Un recorrido por el PAISAJE holandés y flamenco del S.XVII

“Durante la Edad Moderna, los italianos llamaron nórdicos a los pintores de las tierras que estaban más allá de los Alpes y fundamentalmente a los de los Países Bajos”

El pasado viernes visité la exposición “Rubens, Brueghel, Lorena. El paisaje nórdico en el Prado”. Una muestra que acoge actualmente el Centro del Carmen, un espacio polivalente situado en el antiguo convento del Carmen que está abierto a exposiciones temporales. La que yo visité puede verse hasta el próximo día 2 de Diciembre y la entrada es gratuita.

La exposición me fue recomendada y la verdad es que resultó ser una grata experiencia. Nunca he sido una persona que sienta especial interés por el arte ni por los museos. Pero este año estoy empezando a mirar con otros ojos esta disciplina y, por ello, la exposición de los paisajes nórdicos pude disfrutarla de otra manera.

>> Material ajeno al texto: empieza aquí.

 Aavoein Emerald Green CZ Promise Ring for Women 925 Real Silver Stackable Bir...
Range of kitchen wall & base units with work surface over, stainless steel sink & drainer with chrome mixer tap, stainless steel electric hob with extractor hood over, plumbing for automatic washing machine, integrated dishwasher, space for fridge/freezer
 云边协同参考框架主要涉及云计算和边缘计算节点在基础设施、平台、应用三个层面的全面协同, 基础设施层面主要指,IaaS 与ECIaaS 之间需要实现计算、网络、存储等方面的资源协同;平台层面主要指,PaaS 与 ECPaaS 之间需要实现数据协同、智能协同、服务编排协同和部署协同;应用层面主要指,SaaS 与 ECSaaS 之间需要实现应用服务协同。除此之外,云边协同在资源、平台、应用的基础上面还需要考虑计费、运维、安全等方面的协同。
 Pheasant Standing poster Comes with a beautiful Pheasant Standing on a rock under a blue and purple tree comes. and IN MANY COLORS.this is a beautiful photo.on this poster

Se trata de una serie de obras traídas desde el Museo Nacional del Prado. La única pega quizás es que no se pueden realizar fotografías (aunque comprensible, claro). Por tanto, no podré ilustrar algunos detalles que aquí os cuento a cerca de la exposición. Únicamente mostraré imágenes de aquellos cuadros que más me gustaron (siempre desde un punto de vista personal).

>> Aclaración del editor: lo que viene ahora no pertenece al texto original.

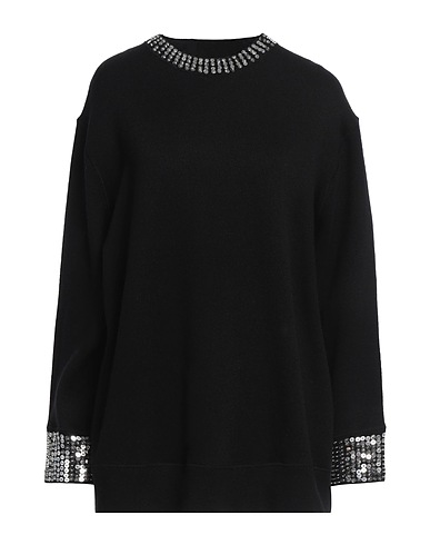 knitted, lightweight knit, solid color with appliqués, sequins, crewneck, long sleeves, hand wash, do not bleach, do not tumble dry

Nada más acceder a la exposición, lo primero que se advierte, además de un gran cuadro que nos da la bienvenida, es el color granate de las paredes y la rotulación blanca, que destaca, y mucho, sobre las mismas. La iluminación cuenta con focos puntuales situados en el techo que enfocan el lugar que ocupan las obras así como las cartelas. Las obras se disponen en la pared mientras que las cartelas lo hacen prácticamente en el suelo, sobre un soporte horizontal, quedando en un segundo plano, para que los ojos del espectador se centren en las pinturas. Con rotulación en blanco, las cartelas, situadas debajo de cada cuadro, muestran el título de la obra, el nombre del autor, la fecha en que fueron realizadas e incluyen una breve descripción de la composición pictórica.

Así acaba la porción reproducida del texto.